## PROBLEM DETAILS
Only the lines below between the one holding "先刮去鱗片、切掉頭。然後剖開肚子挖掉內臟。" and the one holding "进入内饰最明显的是拉丝铝装饰", inclusive, are to be reproduced word for word; the pictures are to be left out.

## STORED DATA
Content starts
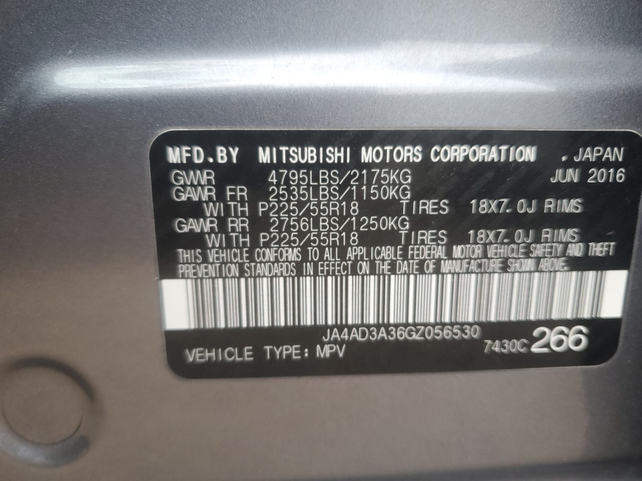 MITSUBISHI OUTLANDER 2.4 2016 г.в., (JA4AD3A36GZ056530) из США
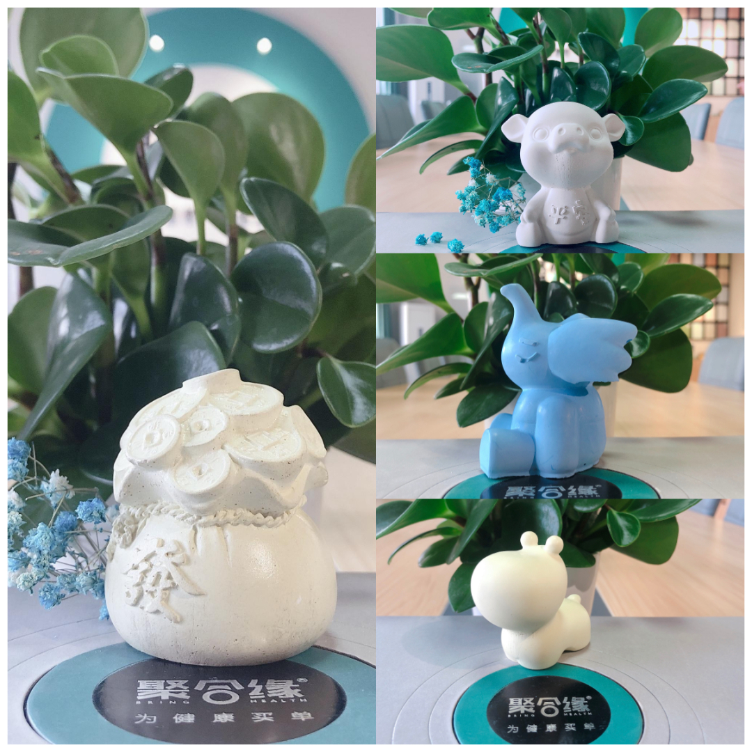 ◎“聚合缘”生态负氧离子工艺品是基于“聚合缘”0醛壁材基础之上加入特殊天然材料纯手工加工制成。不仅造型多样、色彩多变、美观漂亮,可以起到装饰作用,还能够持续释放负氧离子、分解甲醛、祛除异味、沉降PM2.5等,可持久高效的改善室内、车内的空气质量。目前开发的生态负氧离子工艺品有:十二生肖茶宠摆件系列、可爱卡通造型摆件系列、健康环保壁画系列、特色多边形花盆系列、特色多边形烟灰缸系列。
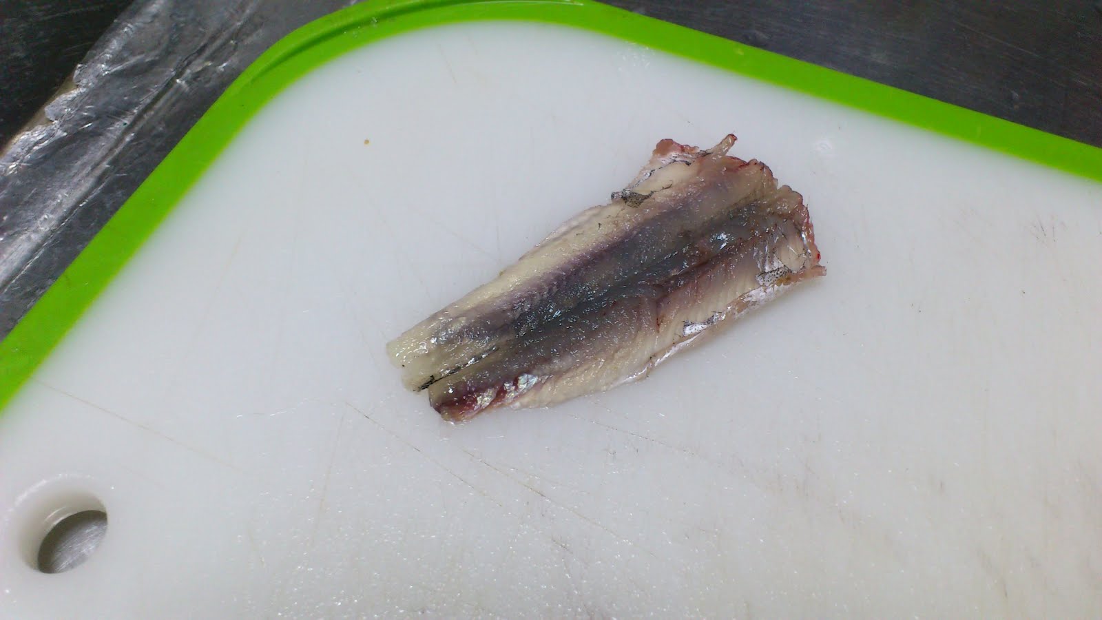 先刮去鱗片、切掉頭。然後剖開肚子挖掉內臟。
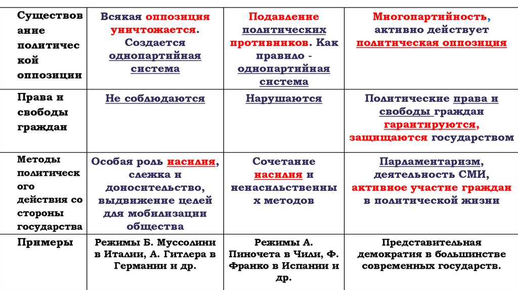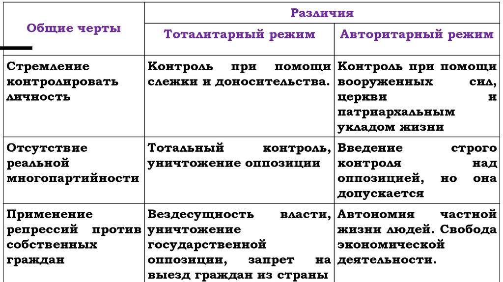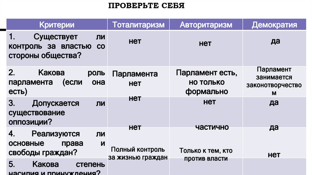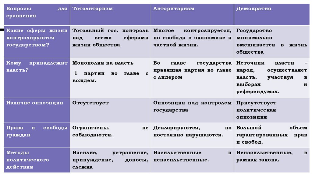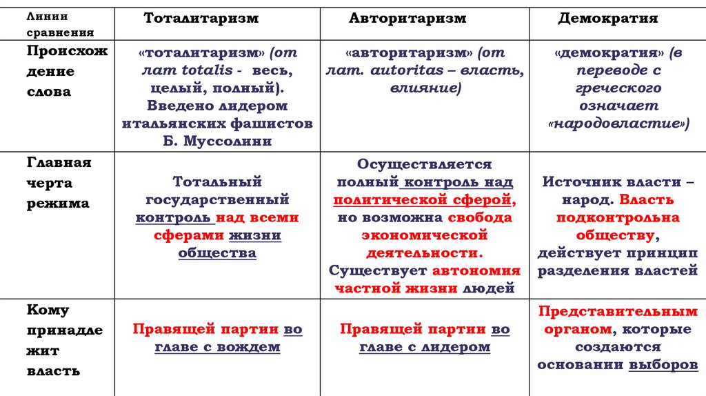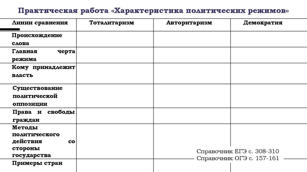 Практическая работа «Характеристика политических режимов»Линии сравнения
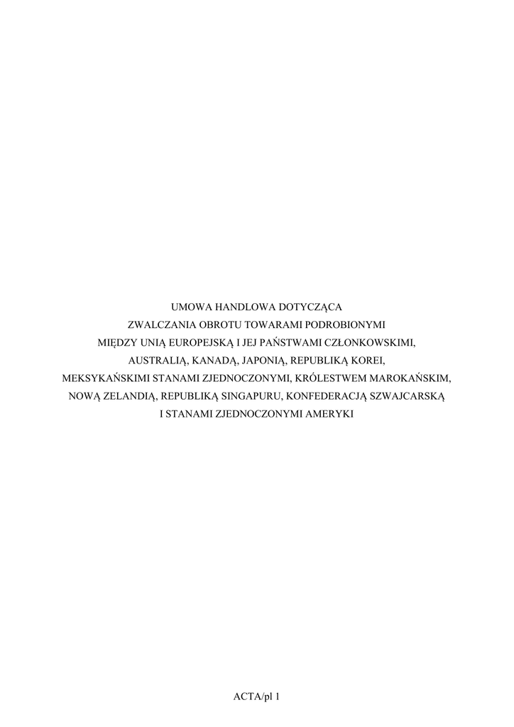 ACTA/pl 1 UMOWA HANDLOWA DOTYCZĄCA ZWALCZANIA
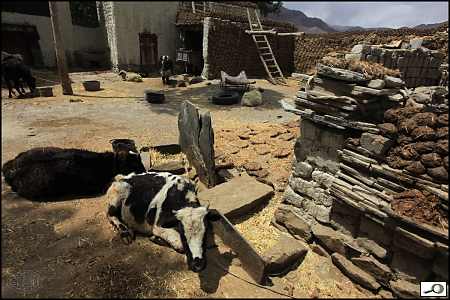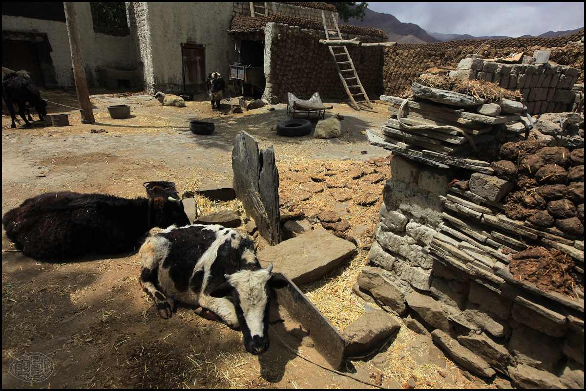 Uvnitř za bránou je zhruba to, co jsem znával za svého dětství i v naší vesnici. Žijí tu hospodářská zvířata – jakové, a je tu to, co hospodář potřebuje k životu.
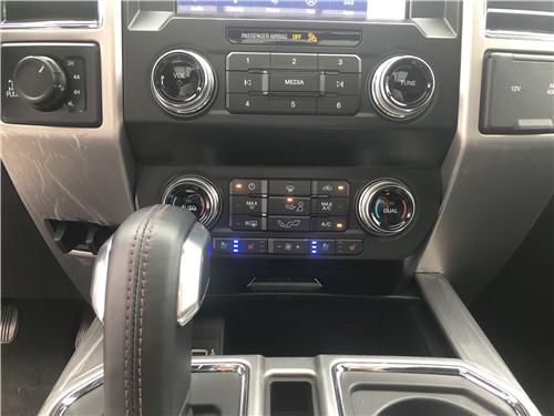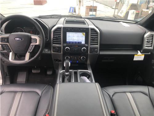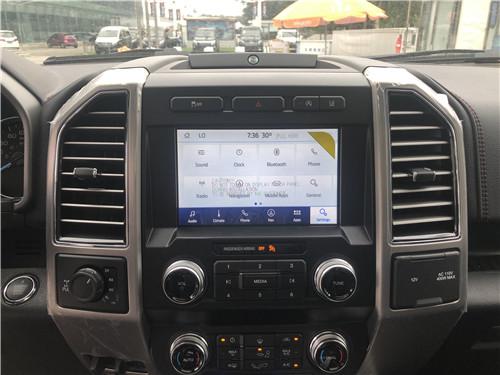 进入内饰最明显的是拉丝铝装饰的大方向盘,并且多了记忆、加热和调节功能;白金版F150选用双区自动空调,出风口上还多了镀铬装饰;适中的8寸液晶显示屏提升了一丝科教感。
Content ends
Content starts
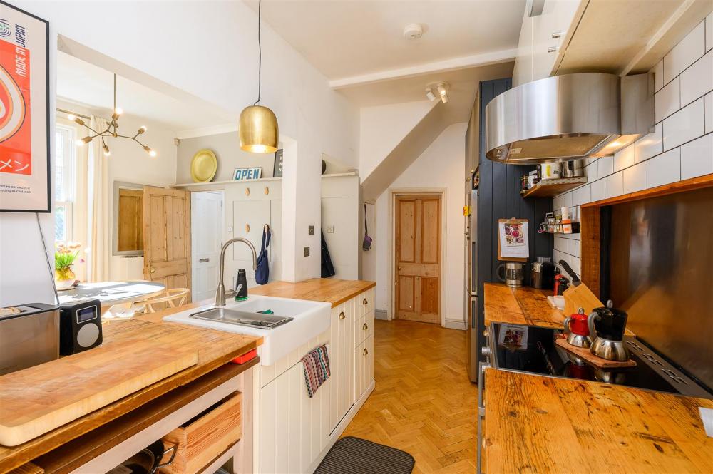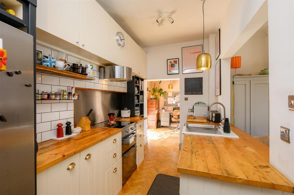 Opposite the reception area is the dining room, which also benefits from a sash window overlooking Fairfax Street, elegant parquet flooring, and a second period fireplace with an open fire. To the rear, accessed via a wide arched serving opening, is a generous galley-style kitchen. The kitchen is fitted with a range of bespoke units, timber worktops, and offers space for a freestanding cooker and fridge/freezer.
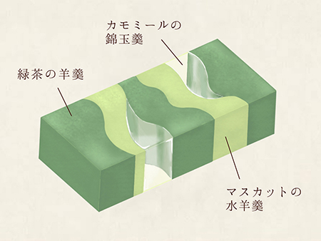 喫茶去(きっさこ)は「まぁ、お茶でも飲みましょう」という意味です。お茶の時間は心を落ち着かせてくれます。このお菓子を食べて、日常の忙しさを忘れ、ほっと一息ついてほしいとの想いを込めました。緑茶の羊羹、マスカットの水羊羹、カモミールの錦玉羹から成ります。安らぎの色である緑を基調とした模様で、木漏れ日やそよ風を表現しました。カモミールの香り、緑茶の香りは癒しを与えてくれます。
Content ends
Content starts
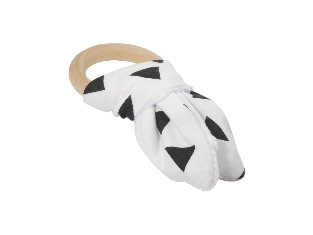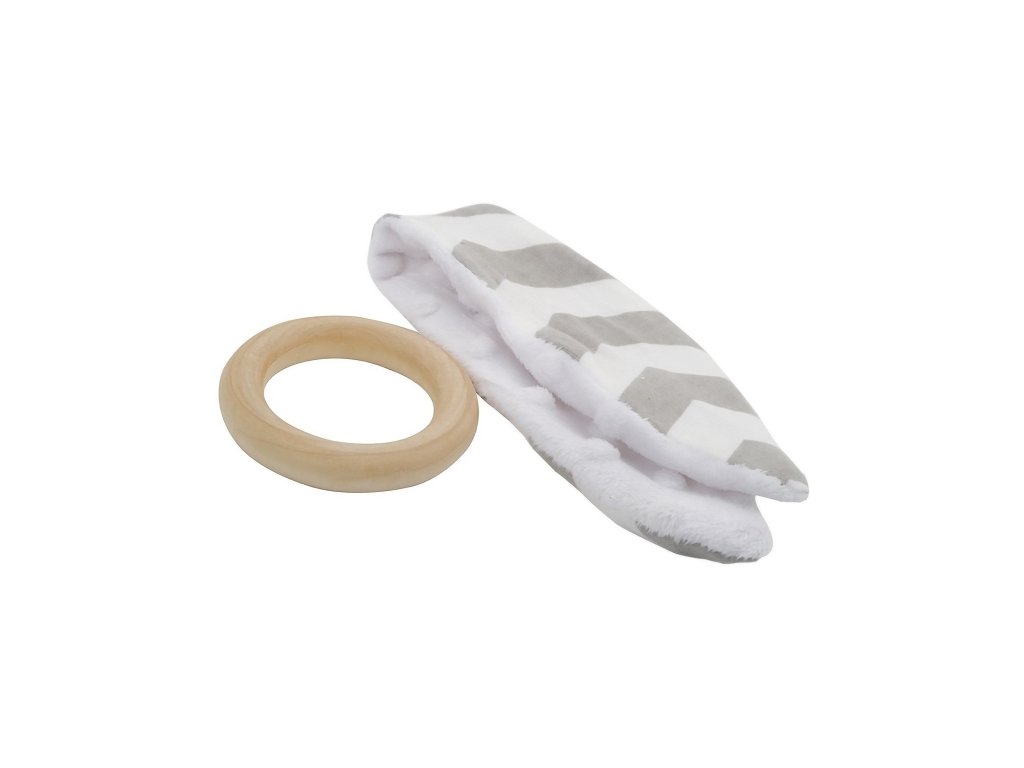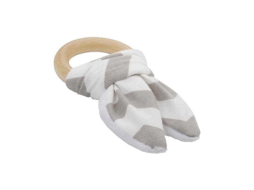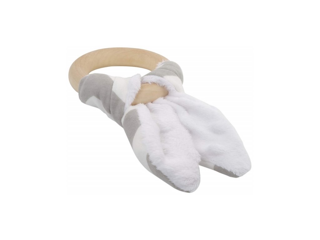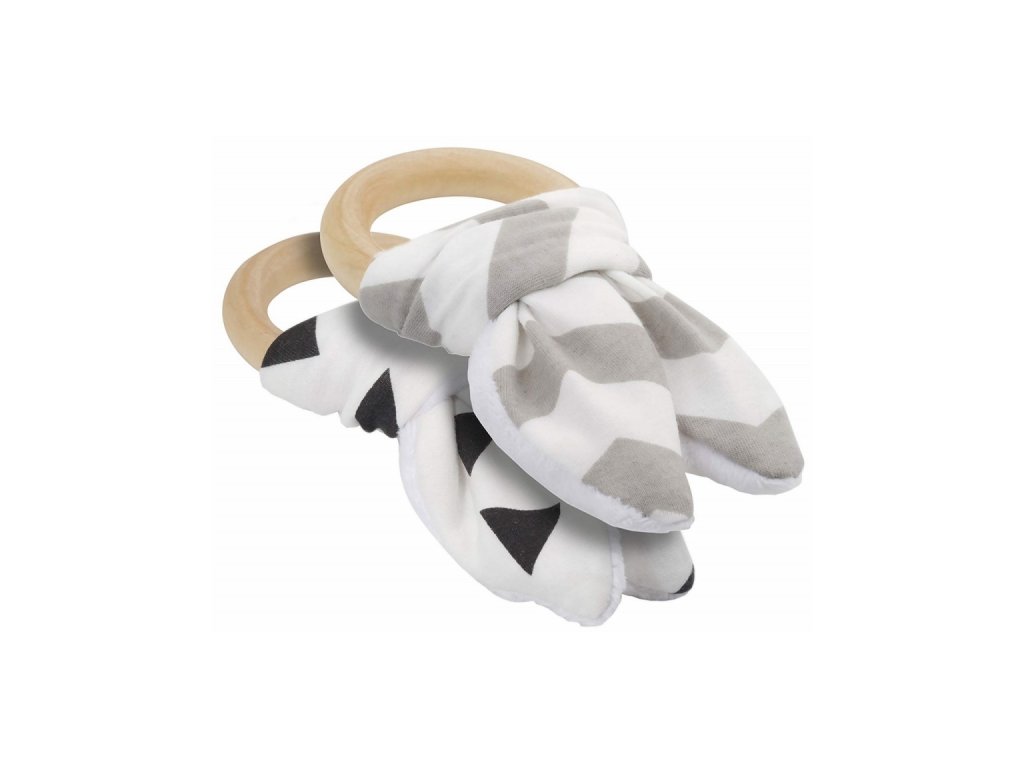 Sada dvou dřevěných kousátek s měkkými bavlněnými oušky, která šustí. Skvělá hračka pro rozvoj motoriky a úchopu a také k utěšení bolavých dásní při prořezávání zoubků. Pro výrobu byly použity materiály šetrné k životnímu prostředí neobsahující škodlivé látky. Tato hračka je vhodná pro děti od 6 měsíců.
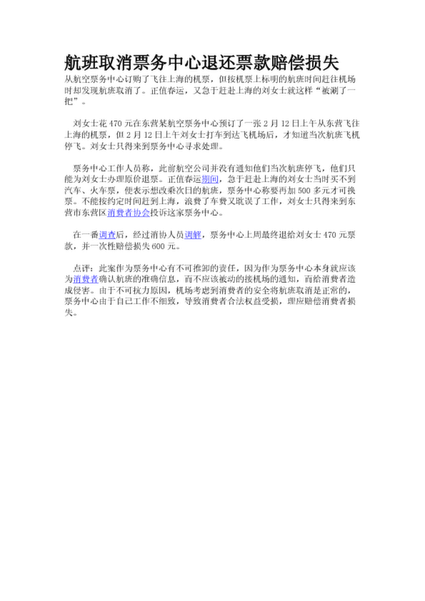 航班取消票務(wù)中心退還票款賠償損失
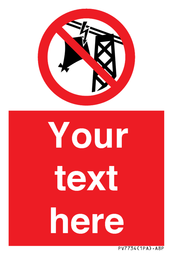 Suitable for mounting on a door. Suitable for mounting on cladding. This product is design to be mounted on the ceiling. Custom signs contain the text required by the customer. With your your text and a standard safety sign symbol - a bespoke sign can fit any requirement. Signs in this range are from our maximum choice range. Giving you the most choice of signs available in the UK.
Content ends
## RESPONSE AREA
 先刮去鱗片、切掉頭。然後剖開肚子挖掉內臟。
 Практическая работа «Характеристика политических режимов»Линии сравнения
 ACTA/pl 1 UMOWA HANDLOWA DOTYCZĄCA ZWALCZANIA
 Uvnitř za bránou je zhruba to, co jsem znával za svého dětství i v naší vesnici. Žijí tu hospodářská zvířata – jakové, a je tu to, co hospodář potřebuje k životu.
 进入内饰最明显的是拉丝铝装饰的大方向盘,并且多了记忆、加热和调节功能;白金版F150选用双区自动空调,出风口上还多了镀铬装饰;适中的8寸液晶显示屏提升了一丝科教感。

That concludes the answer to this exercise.